If you follow these principles, you’ll be certain that your objectives meet the quantifiable criteria needed to measure success.

Scope planning

You always want to know exactly what work has to be done to finish your project BEFORE you start it. You’ve got a collection of team members, and you need to know exactly what they’re going to do to build your product or meet the project’s objectives. The scope planning process if the very first thing you do to manage your scope. Project scope planning is concerned with defining all of the work of the project and only the work needed to successfully meet the project objectives. The whole idea here is that when you start the project, you need to have a clear picture of all the work that needs to happen on your project, and as the project progresses, you need to keep that scope up to date and written down in the project’s scope management plan .
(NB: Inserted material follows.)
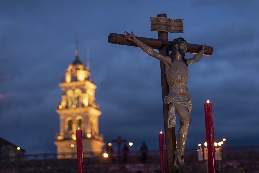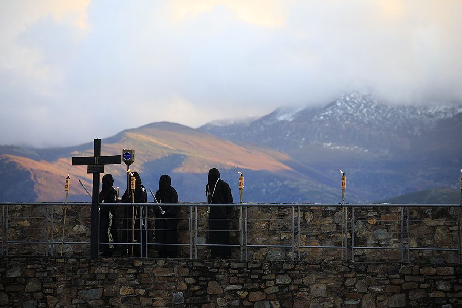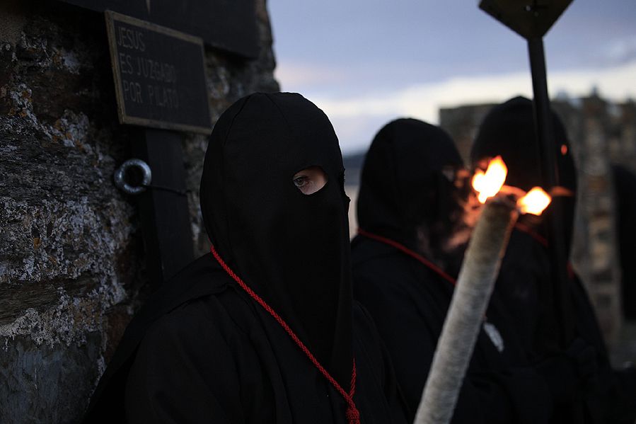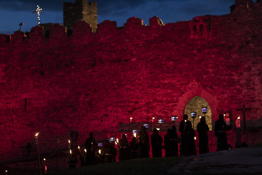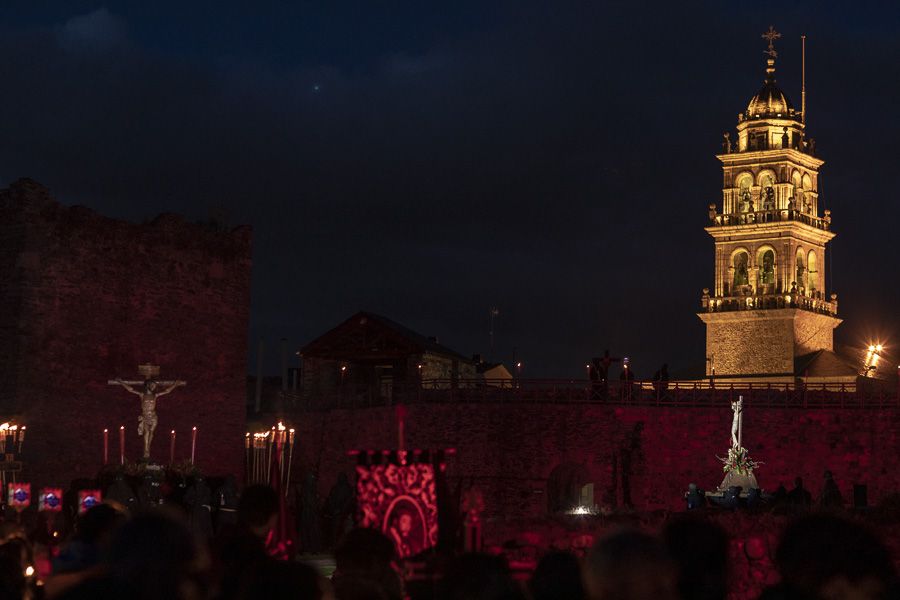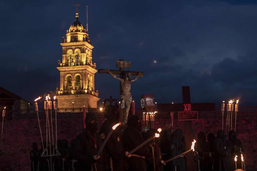 Los cofrades de la Real Hermandad de Jesús Nazareno llevaban todo el lunes mirando al cielo, con la esperanza de que finalmente la lluvia no "aguase" el Via Crucis penitencial en el castillo de los Templarios. Y así ha sido. De nuevo la lluvia ha vuelto a respetar al Cristo de la Esperanza y al Cristo de la Fortaleza en su recorrido desde la iglesia de San Andrés, para entrar en el castillo templario con la caída del crepúsculo y seguir las 14 estaciones de penitencia que marcan cada uno de los momentos de la Pasión de Cristo, acompañados por las voces de la Ronda de El Salvador de Toral de Merayo. Como novedad este año, se han vuelto a utilizar las antiguas cruces de madera para marcar cada una de esas estaciones en el patio de Armas.

How do you define the scope?

You already got a head start on refining the project’s objectives in quantifiable terms, but now you need to go a lot further and write down all of the deliverables that you and your team are going to produce over the course of the project. Deliverables include everything that you and your team produce for the project; anything that your project will deliver. The deliverables for your project include all of the products or services that you and your team are performing for the client, customer, or sponsor. But deliverables include more than that. They also include every single document, plan, schedule, budget, blueprint, and anything else that gets made along the way; including all of the project management documents you put together. Project deliverables are measurable outcomes, measurable results, or specific items that must be produced to consider the project or project phase completed. Deliverables like objectives must be specific and verifiable.